I have the same problem, any solution?
Azureml: Metadata mismatch for dask dataframe after using filter()
I noticed weird behaviour when filtering an azureml TabularDataset
instance using filter()
and converting it to a dask dataframe afterwards. Here is my code to recreate the issue:
Imports:
from azureml.core import Dataset
from azureml.data import TabularDataset
import dask.dataframe as ddf
import pandas as pd
Register a dask dataframe to the datastore and load it as a TabularDataset
:
test_df = pd.DataFrame({"id": [3,4,5], "price": [199, 98, 50]})
test_dask = ddf.from_pandas(test_df, chunksize=1)
Dataset.Tabular.register_dask_dataframe(test_dask, datastore, name='bug_test')
dataset = TabularDataset.get_by_name(workspace, name='bug_test')

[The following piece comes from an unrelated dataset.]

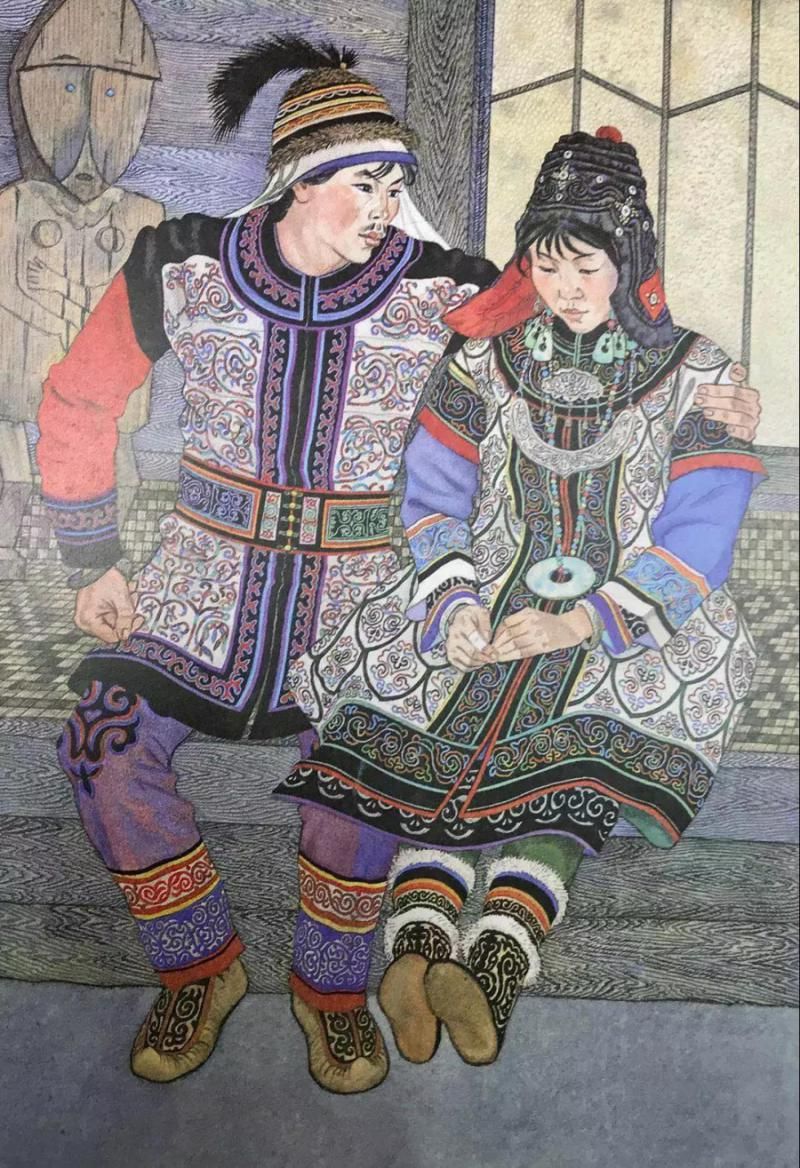 那乃族的插畫,有的用細(xì)膩的繪畫語言真實再現(xiàn)了那乃族的生活場景,有的用生動形象的裝飾語言表現(xiàn)了那乃族的傳說故事。

Now printing the loaded dataset after converting it to dask dataframe works (almost) well (almost, since there is weird indexing as the 0 appears two times):
loaded_dask = dataset.to_dask_dataframe()
print(loaded_dask.compute())
>>
id price __null_dask_index__
0 3 199 0
0 4 98 1
1 5 50 2
We now want to filter for rows where id
equals to 5, which works perfectly when it is filtered after converting it to dask dataframe with loaded_dask[loaded_dask.id == 5].compute()
Now computing the dask dataframe after filtering with the filter()
method throws following exception, either no data or no datatype is found (for full error message see below):
filtered_ds = dataset.filter(dataset["id"] == 5)
filtered_ds.to_dask_dataframe().compute()
>>
ValueError: Metadata mismatch found in `from_delayed`.
Partition type: `pandas.core.frame.DataFrame`
+-----------------------+-------+----------+
| Column | Found | Expected |
+-----------------------+-------+----------+
| '__null_dask_index__' | - | int32 |
| 'id' | - | int32 |
| 'price' | - | int32 |
+-----------------------+-------+----------+
Note: When filtering for invalid values, e.g. for dataset["id"] == 6
it correctly returns me an empty dataframe
Also a weird behaviour happens when playing around with the dtypes
parameter in to_dask_dataframe()
. When specifying types for only one column, datatypes can suddenly be found:
filtered_ds.to_dask_dataframe(dtypes={"id": "object"}).compute()
>>
ValueError: Metadata mismatch found in `from_delayed`.
Partition type: `pandas.core.frame.DataFrame`
+-----------------------+-------+----------+
| Column | Found | Expected |
+-----------------------+-------+----------+
| '__null_dask_index__' | int64 | - |
| 'id' | int64 | object |
| 'price' | int64 | - |
+-----------------------+-------+----------+
but setting dtypes={"id": "int64", "price": "int64", "__null_dask_index__": "int64"}
leads again to the same ValueError as before that either no data or no datatype is found (full error ouput):
filtered_ds.to_dask_dataframe(dtypes={"id": "int64", "price": "int64", "__null_dask_index__": "int64"}).compute()
>>
Traceback (most recent call last):
File "\bug_analysis.py", line 117, in <module>
filtered_ds.to_dask_dataframe(dtypes={"id": "int64", "price": "int64", "__null_dask_index__": "int64"}).compute()
File "\venv\lib\site-packages\dask\base.py", line 290, in compute
(result,) = compute(self, traverse=False, **kwargs)
File "\envs\venv\lib\site-packages\dask\base.py", line 573, in compute
results = schedule(dsk, keys, **kwargs)
File "\venv\lib\site-packages\dask\threaded.py", line 81, in get
results = get_async(
File "\venv\lib\site-packages\dask\local.py", line 506, in get_async
raise_exception(exc, tb)
File "\venv\lib\site-packages\dask\local.py", line 314, in reraise
raise exc
File "\venv\lib\site-packages\dask\local.py", line 219, in execute_task
result = _execute_task(task, data)
File "\venv\lib\site-packages\dask\core.py", line 119, in _execute_task
return func(*(_execute_task(a, cache) for a in args))
File "\venv\lib\site-packages\dask\dataframe\utils.py", line 407, in check_meta
raise ValueError(
ValueError: Metadata mismatch found in `from_delayed`.
Partition type: `pandas.core.frame.DataFrame`
+-----------------------+-------+----------+
| Column | Found | Expected |
+-----------------------+-------+----------+
| '__null_dask_index__' | - | int64 |
| 'id' | - | int64 |
| 'price' | - | int64 |
+-----------------------+-------+----------+
The exceptions are raised when the dask dataframes are computed with compute()
.
I am aware that I used two experimental methods ( TabularDataset.to_dask_dataframe()
and TabularDataset.filter()
), so is this a bug or am I using the methods incorrectly at some point?